Casaldáliga diz que a igreja foi "dura" e "injusta" com os teólogos da 
libertação e que as ações em favor das minorias, pelas comunidades eclesiais de 
base, foram vistas pelo Vaticano com "desconfiança" e "reticência".
No sábado à noite, ele rezou pelo papa: "Tenho confiança de que ele está na 
glória". Sofrendo do mal de Parkinson, a mesma doença que afligiu João Paulo 2º 
, hipertenso e sobrevivente a várias operações e a 18 ataques de malária, d. 
Pedro Casaldáliga mantém o bom humor. Diz que é um "cavalo velho, um pouco 
cansado". O bispo espanhol relembra o encontro com o papa de origem polonesa, 
após ter sido interrogado por cardeais no Vaticano. Karol Wojtyla o abraçou e 
disse em português: "É para que veja que não sou nenhuma fera".
Folha - Qual é a sua esperança em relação ao futuro pontificado?
D. Pedro Casaldáliga - Vou ser bem sincero. Eu não tenho esperança de 
uma mudança significativa. Minha impressão é que a imensa maioria dos cardeais é 
de uma linha mais ou menos conservadora, de continuidade, sobretudo no [aspecto] 
teológico, no canônico, dentro da igreja. Mas cada papa tem um estilo. De vez em 
quando acontecem surpresas... 
Folha - O sr. tem pregado uma revisão do exercício do papado e do poder da 
Cúria. Quais seriam as principais mudanças?

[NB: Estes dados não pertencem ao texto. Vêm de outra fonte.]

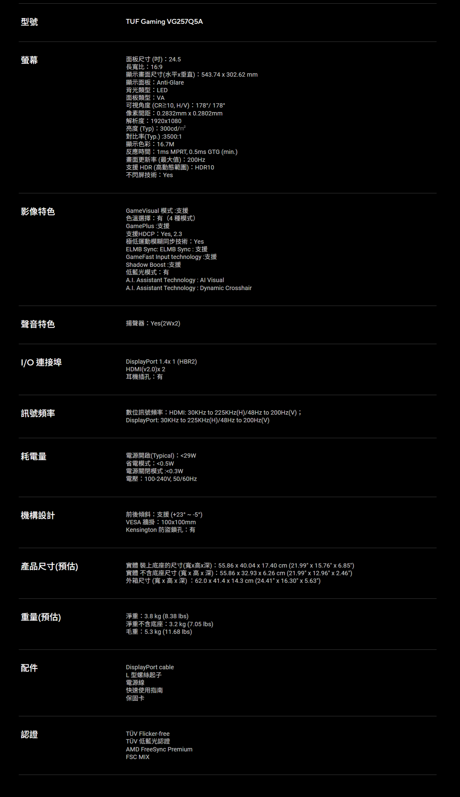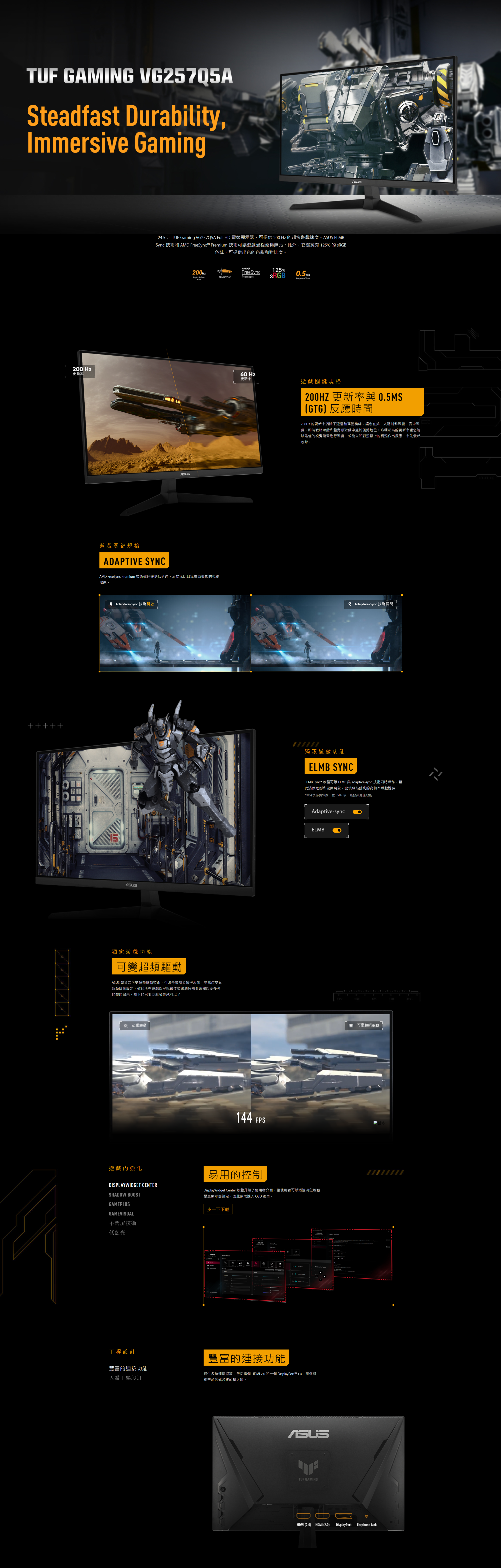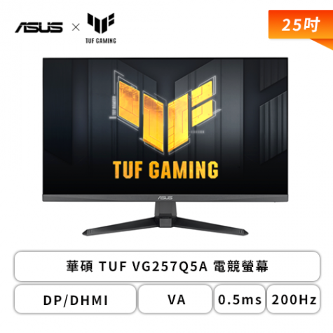 【25型】華碩 TUF VG257Q5A 電競螢幕 (DP/DHMI/VA/0.5ms/200Hz/FreeSync Premium/HDR10/可變超頻驅動/內建喇叭/三年保固)

Casaldáliga - Fundamentalmente, que o Vaticano deixasse de ser Estado. O 
papa deixaria de ser chefe de Estado. Que a Cúria se simplificasse o mais 
possível, e se concedesse mais autonomia às conferências episcopais, às igrejas 
particulares, ou seja, as dioceses, as prelazias. Que se estimulasse o 
ecumenismo, um diálogo entre as religiões e entre as culturas, sobretudo no 
Terceiro Mundo. Que houvesse uma atitude de sensibilidade máxima com o 
sofrimento da humanidade, de cooperação com todas as entidades que lutam pela 
justiça, pela paz, pela ecologia. E que se atendesse melhor às reivindicações 
dos leigos, sobretudo no que se refere à mulher. Uma confiança maior com 
respeito aos servos que abrem caminhos, seja na Teologia da Libertação, na 
teologia feminista, na teologia negra, na teologia indígena, no diálogo 
interreligioso. 
Folha - Como foi o pontificado de João Paulo 2º, nesse aspecto?

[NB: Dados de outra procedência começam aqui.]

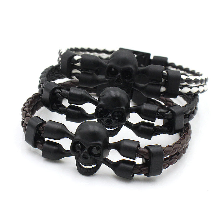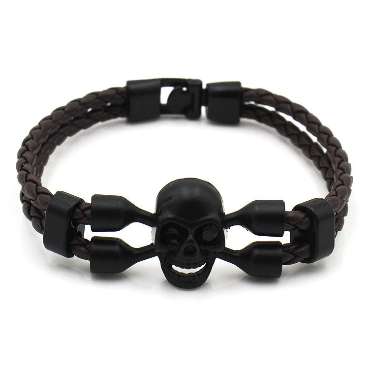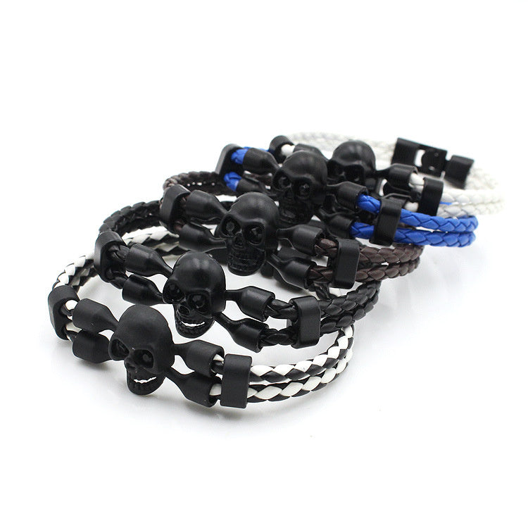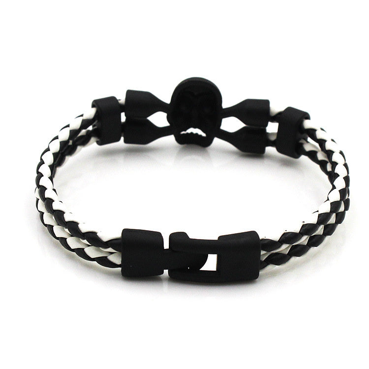 Neutral Men's Skull Black Buttons Leather Bracelet
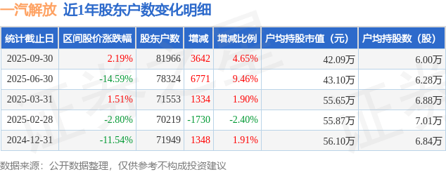 从股价来看,2025年6月30日至2025年9月30日,一汽解放区间涨幅为2.19%,在此期间股东户数增加3642.0户,增幅为4.65%。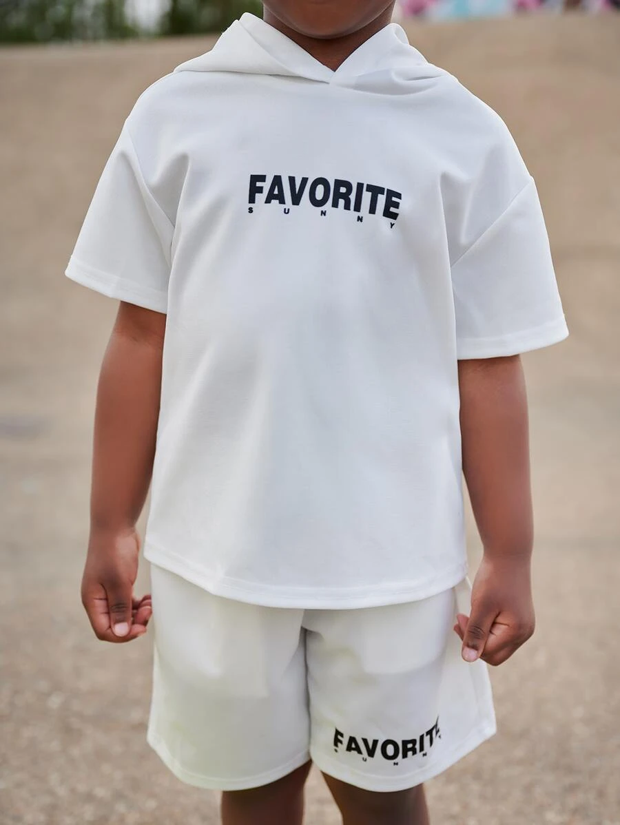 เด็กผู้ชาย เสื้อยืด พิมพ์ ตัวอักษร ฮูด ปลอกคอ & กางเกงขาสั้น กระเป๋าแนวทแยง b-76

Casaldáliga - No pontificado de João Paulo 2º, a Cúria foi dura. E às 
vezes, com todo o respeito, acho que foi até injusta com os teólogos da 
libertação, da inculturação e do diálogo interreligioso. 
Folha - O pontificado muito longo é ruim para a missão da igreja?

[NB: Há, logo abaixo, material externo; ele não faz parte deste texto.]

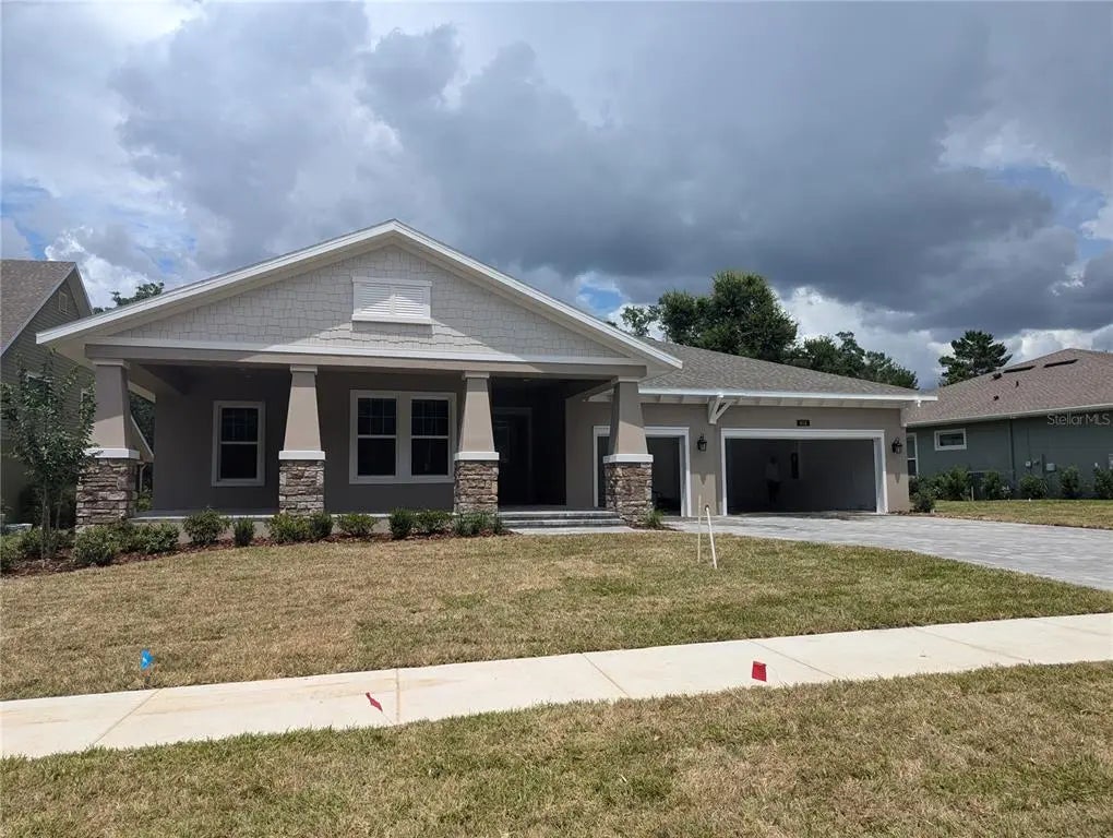 One or more photo(s) has been virtually staged. This beautiful Spire Homes LLC Craftsman 4 bedroom with large bonus room/den(with 5th bedroom or home office) plus 3 car garage is laid out perfectly over 1 story with high ceilings and backs up to a wooded conservation area. Entering the home you are greeted with the highly sought after open floor plan of a large living room (with tray ceiling), dining room, and kitchen. The chef's kitchen features a gas cooktop with hood, built-in convection oven and microwave, soft close real wood white shaker cabinets, quartz countertops, large island with breakfast bar seating, subway tile backsplash, and under cabinet lighting. The home also has a split floor plan with the master retreat featuring a tray ceiling, 2 walk in closets, his/her vanities, plus a frameless shower and separate soaking tub. The home has many upgrades including 8 foot doors, luxury vinyl flooring in all common areas, subway tile backsplash, detailed baseboards, quartz countertops, tray ceilings, frameless shower enclosure, tankless gas water heater and just too many more to list. Tons of covered outdoor space including a long front porch. The large covered back porch making an entertainer dream of an outdoor kitchen overlooking your potential pool and wooded backdrop for privacy. The community has a resort style pool, fitness center, Har-Tru tennis courts, pickleball courts, walking trails, and a Tiki Hut restaurant that will be completed before summer. Pete Dye fell in love with the elevation changes ranging from 60 feet to almost 250 feet here at Southern Hills. The private world-class track is rated by Golf Week as a top 100 residential course in the United States. It even features practice facilities of a driving range, chipping/putting greens, and a 6 hole par 3 course. Located just off 41 and the Suncoast Pkwy, you can get to Tampa International Airport and Raymond James Stadium in just 45 minutes. Come see why everyone is choosing to live and play in the luxurious Southern Hills!

Casaldáliga - Eu continuo achando que os papas, como os bispos, deveriam 
renunciar numa idade determinada. Eu não acredito em cargos vitalícios, nem na 
sociedade nem na igreja. 
Folha - Quais foram os reflexos da igreja de João Paulo 2º sobra a sua 
prelazia e sobre a sua atividade?
Casaldáliga - Só desconfiança com respeito à Teologia da Libertação. E 
só reticência com respeito às comunidades eclesiais de base. Houve um 
relacionamento tenso entre o Vaticano e a CNBB [Conferência Nacional dos Bispos 
Brasileiros]. Entre a igreja da libertação da América Latina e o Vaticano. Por 
outra parte, o próprio papa mandou à assembléia da CNBB aquela famosa carta na 
qual dizia que a Teologia da Libertação era não só útil, mas necessária. 
Folha - Como foram os seus contatos pessoais com ele?
Casaldáliga - Estive com ele em várias ocasiões. Fiz uma visita, depois 
de ter escrito uma carta longa. Foi na década de 80... 
Folha - Como ele o recebeu?
Casaldáliga - Com bastante atenção. Eu já havia sido interrogado pelos 
cardeais sobre vários pontos. O papa tinha todo dossiê das minhas interrogações. 
Conversamos um pouco... 
Folha - O que ele disse?
Casaldáliga - Ele teve um gesto. Num momento determinado, ele abriu os 
braços, como quem quer mostrar o desarme, e falou, em português: "É para que 
veja que não sou nenhuma fera".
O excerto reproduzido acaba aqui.